Deferred tax assets and liabilities are measured at the tax rates that are expected to apply to the year when the asset is realized or the liability is settled, based on tax rates (and tax laws) that have been enacted or substantively enacted at the end of the reporting period.
Deferred tax assets and deferred tax liabilities are offset if, and only if, they relate to income taxes levied by the same taxation authority and the Company has the legal rights and intent to offset.
Caprock Mining Corp.
Notes to the Financial Statements
For the Years ended August 31, 2024 and 2023
(Expressed in Canadian Dollars)
3. Material Accounting Policies (continued)
(e) Income Tax (continued)
Estimates
Provisions for taxes are made using the best estimate of the amount expected to be paid based on a qualitative assessment of all relevant factors. The Company reviews the adequacy of these provisions at the end of the reporting period. However, it is possible that at some future date an additional liability could result from audits by taxing authorities. Where the final outcome of these tax-related matters is different from the amounts that were initially recorded, such differences will affect the tax provisions in the period in which such determination is made.
(f) Share Capital
Financial instruments issued by the Company are classified as equity only to the extent that they do not meet the definition of a financial liability or financial asset.
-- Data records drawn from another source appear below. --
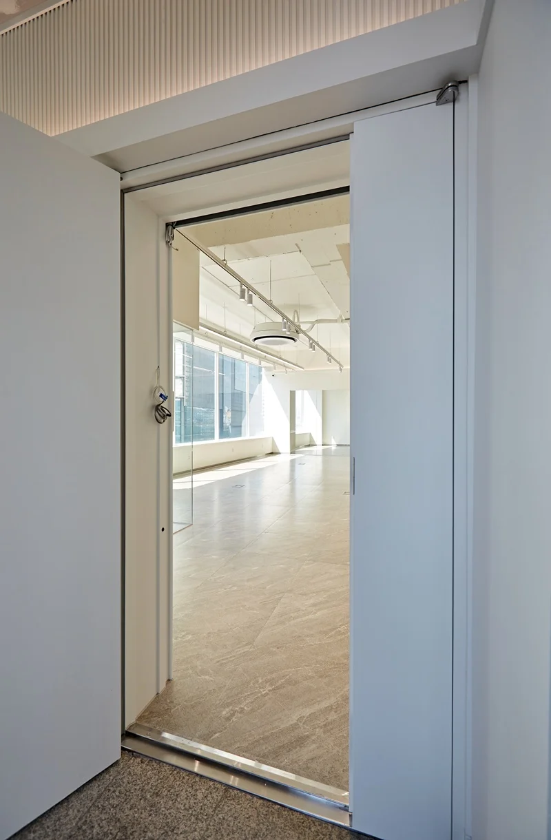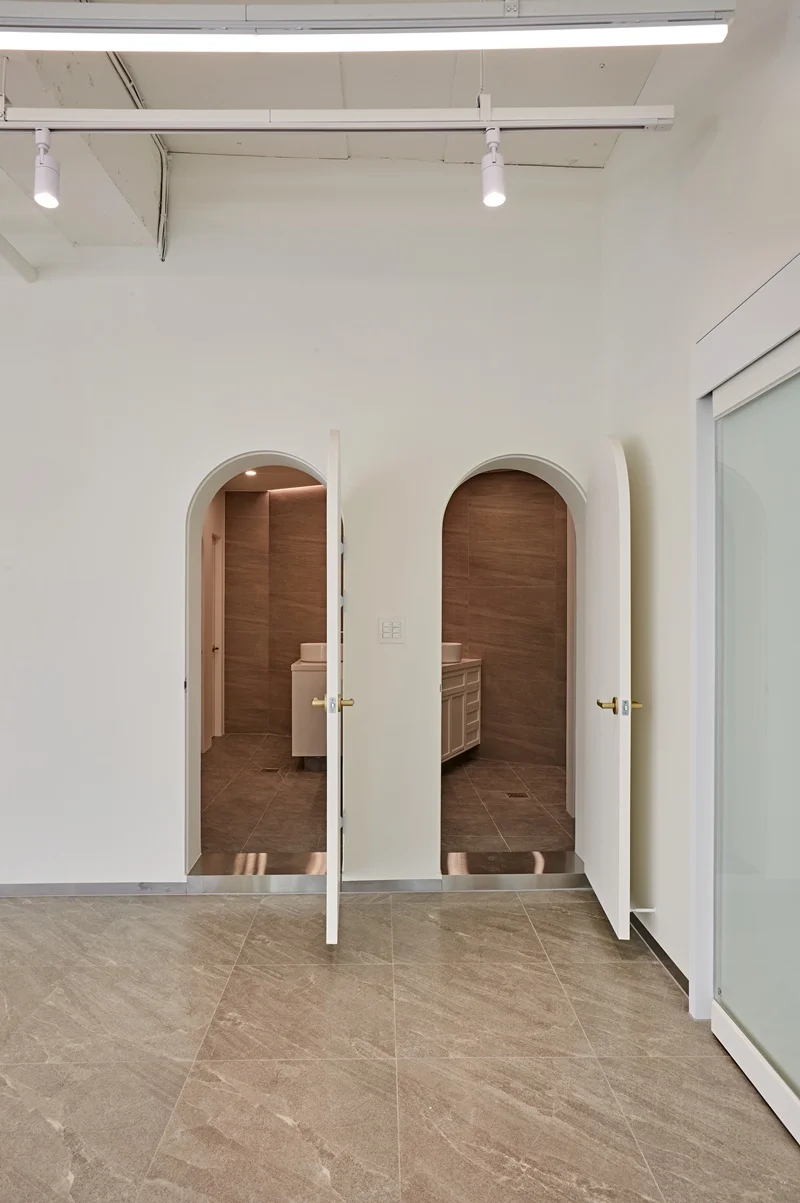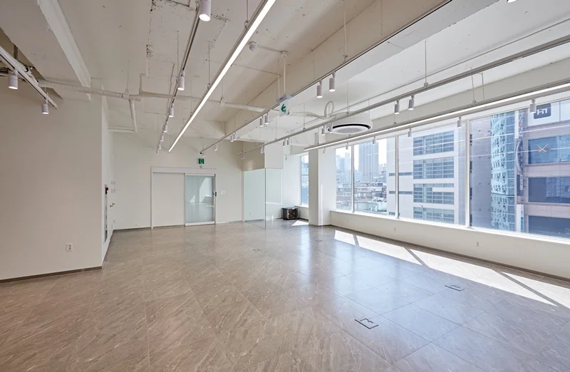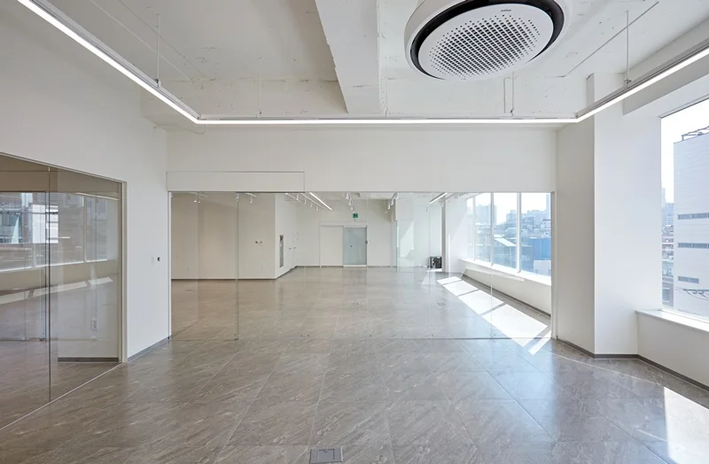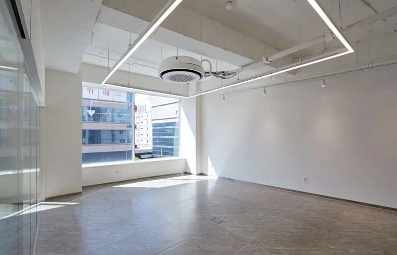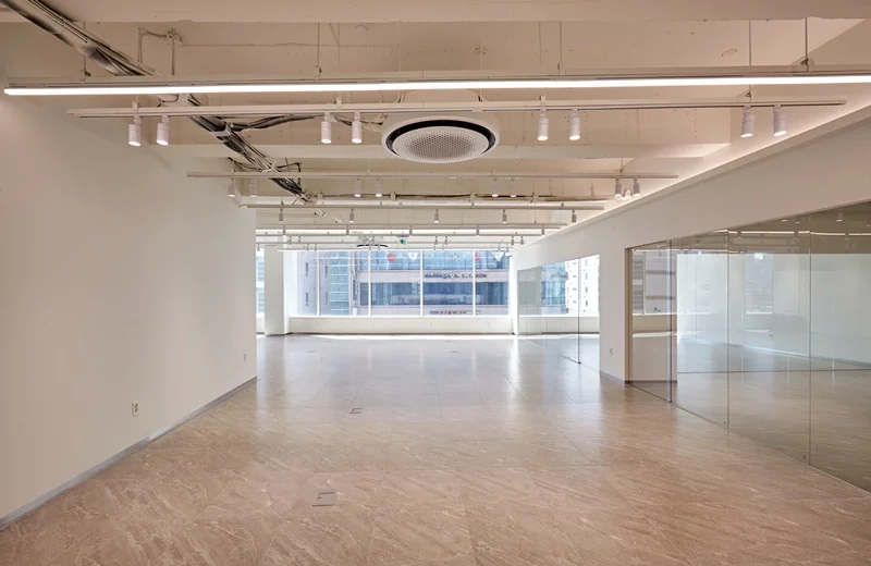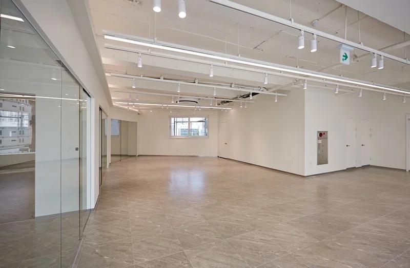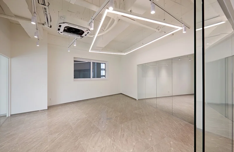 바닥은 옅은 베이지톤을 적용해 통일감을 주었으며, 벽면은 깨끗한 화이트 톤으로 마감하여 자연광과 조명을 최대로 활용할 수 있게 했습니다. 노출형 천장과 조명의 배치를 통해 공간이 시각적으로 넓어 보이는 효과를 구현했으며, 천장에 설치한 간접 LED 조명은 업무 집중도를 높이면서도 눈의 피로를 최소화하도록 설계했습니다.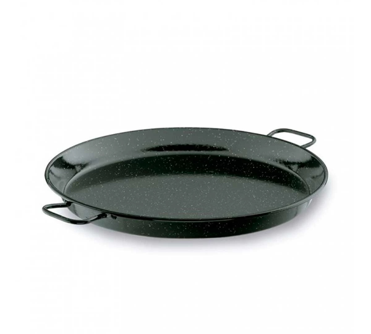 Este modelo de paella de hierro está recubierta con esmalte vitrificado. Es apta para fuentes de calor de vitrocerámica, eléctrica, gas, inducción y horno. También es apta para lavavajillas.
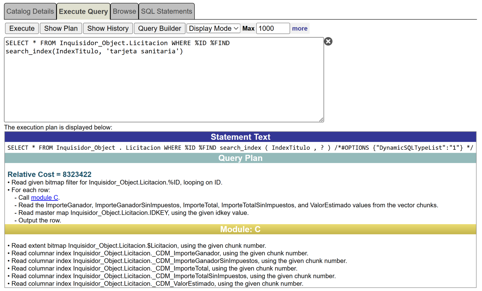 As you can see, the relative cost between the normal search and the search with the %iFind index is astronomical: 1239110280 for the query without an index versus 8323422 for the indexed query, making it 150 times faster.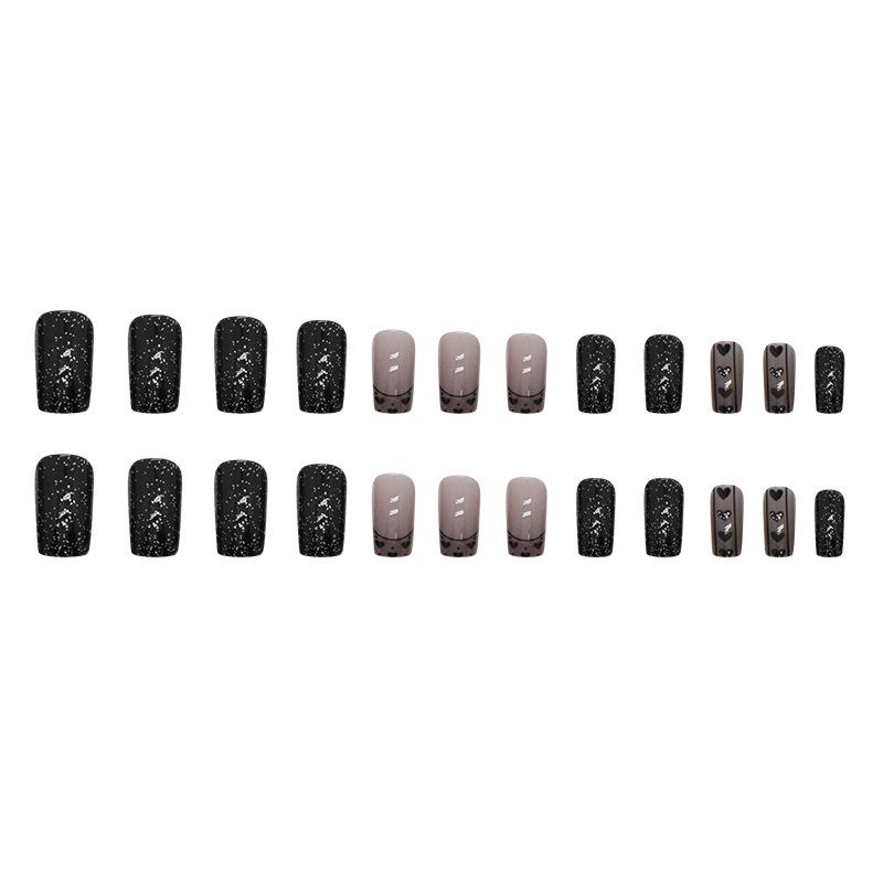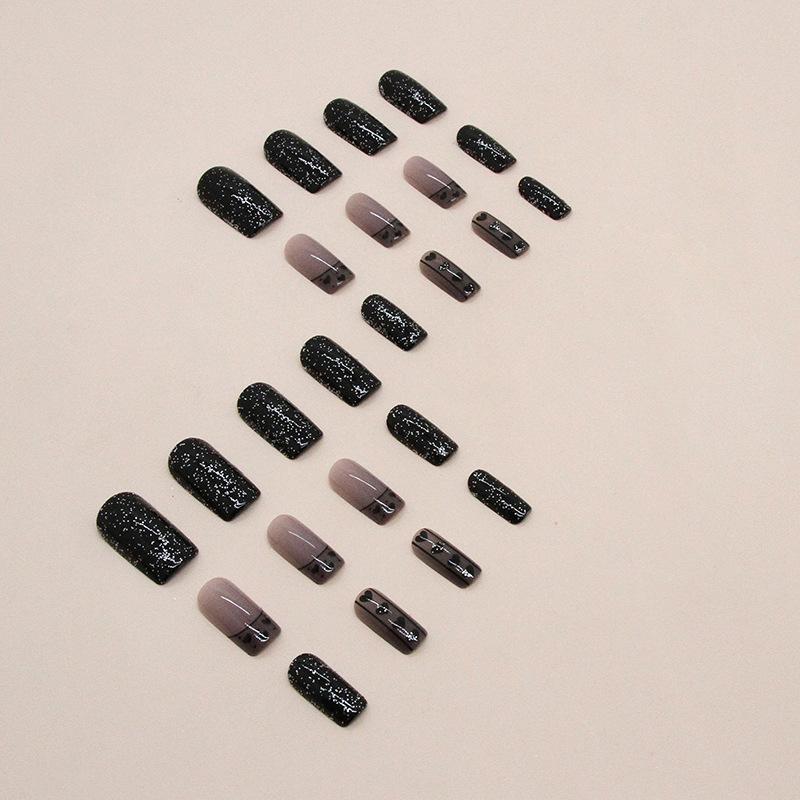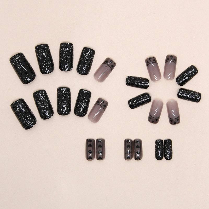 Estrelas da noite coração brilhante glitter francês manicure europeu e americano ins estilo preto doce cool wear unha

In situations where the Company issues units, the value of units is bifurcated and the value of warrants is included as a separate reserve for warrants of the Company’s equity. The proceeds from the issuance of units are allocated between common shares and warrants on a pro-rated basis using the relative fair value method. The fair value of the common shares is determined using the share price at the date of issuance of the units. The fair value of the warrants is determined using Black-Scholes.
Costs incurred in connection with the issuance of share capital are netted against the proceeds received. Costs related to the issuance of share capital and incurred prior to issuance are recorded as deferred share issuance costs and subsequently netted against proceeds when they are received.
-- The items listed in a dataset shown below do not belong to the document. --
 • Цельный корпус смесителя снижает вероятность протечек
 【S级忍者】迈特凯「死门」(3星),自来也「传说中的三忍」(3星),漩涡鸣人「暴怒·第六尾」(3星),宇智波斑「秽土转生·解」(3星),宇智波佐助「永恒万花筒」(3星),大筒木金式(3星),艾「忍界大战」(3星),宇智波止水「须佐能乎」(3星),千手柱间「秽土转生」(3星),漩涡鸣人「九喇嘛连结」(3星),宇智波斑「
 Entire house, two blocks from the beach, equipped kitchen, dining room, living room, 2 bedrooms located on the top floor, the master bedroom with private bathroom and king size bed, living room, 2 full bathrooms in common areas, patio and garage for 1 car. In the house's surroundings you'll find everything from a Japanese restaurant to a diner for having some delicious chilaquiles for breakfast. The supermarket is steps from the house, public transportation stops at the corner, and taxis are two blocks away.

(g) Restricted Share Units
The Company operates a restricted share units plan (the “RSU Plan”). RSUs are equity-settled share-based payments and are measured at fair value on the date of grant. The fair value of RSUs is determined by the greater of (i) the weighted average of the trading price per share on the CSE for the last five trading days ending on the grant date; and (ii) the closing price of the shares on the day before the grant date. Share-based compensation is recognized over the vesting period with a corresponding credit to restricted share unit reserve. Under IFRS, the Company’s RSUs are classified as equity-settled share-based payment transactions as they are settled in common shares at the sole discretion of the Company.
RSUs which do not vest on or before the expiry date will be automatically cancelled, without further act or formality and without compensation. If a recipient ceases to be a Director, Officer or Employee (“Eligible Person”) as a result of retirement, death or total disability, or termination of employment or removal from service by the Company or a related party without cause, the RSUs will not be cancelled but will remain outstanding for a period of one year following the date upon which such recipient ceases to be an Eligible Person.
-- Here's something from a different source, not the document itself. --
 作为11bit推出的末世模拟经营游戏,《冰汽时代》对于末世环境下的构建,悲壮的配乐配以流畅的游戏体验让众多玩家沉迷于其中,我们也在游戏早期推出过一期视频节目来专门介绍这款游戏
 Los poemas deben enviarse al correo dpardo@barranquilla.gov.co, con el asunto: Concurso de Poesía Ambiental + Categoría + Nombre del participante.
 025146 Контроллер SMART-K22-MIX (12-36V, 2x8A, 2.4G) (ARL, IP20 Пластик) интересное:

(h) Share-Based Payments Transactions
The Company operates a stock option plan (the “Option Plan”). Share-based payments to directors, officers or employees are measured at the fair value of the instruments issued and amortized over the vesting periods. Share-based payments to non-employees are measured at the fair value of the goods or services received, or at the fair value of the equity instruments issued, if it is determined the fair value of the goods or services cannot be reliably measured and are recorded at the date the goods or services are provided. The fair value of options is determined using Black-Scholes. The fair value of equity-settled share-based compensation transactions are recognized as an expense with a corresponding increase in the reserve for share-based payments.
If an optionee ceases to be an Eligible Person of the Company for any reason (whether or not for cause), the optionee may but for only within the period of ninety days (unless such period is extended by the Board or the Committee, as applicable, to a maximum of one year next succeeding such cessation) next succeeding such cessation and in no event after the expiry date of the optionee’s option, exercise the optionee’s option.
Caprock Mining Corp.
Notes to the Financial Statements
For the Years ended August 31, 2024 and 2023
(Expressed in Canadian Dollars)
3. Material Accounting Policies (continued)
(i) Loss Per Share
Basic loss per share is computed by dividing the net loss available to common shareholders by the weighted average number of common shares outstanding during the period. Diluted loss per share is calculated by the treasury stock method. Under the treasury stock method, the weighted average number of common shares outstanding for the calculation of diluted loss) per share assumes that the proceeds to be received on the exercise of dilutive share options and warrants are used to repurchase common shares at the average market price during the period.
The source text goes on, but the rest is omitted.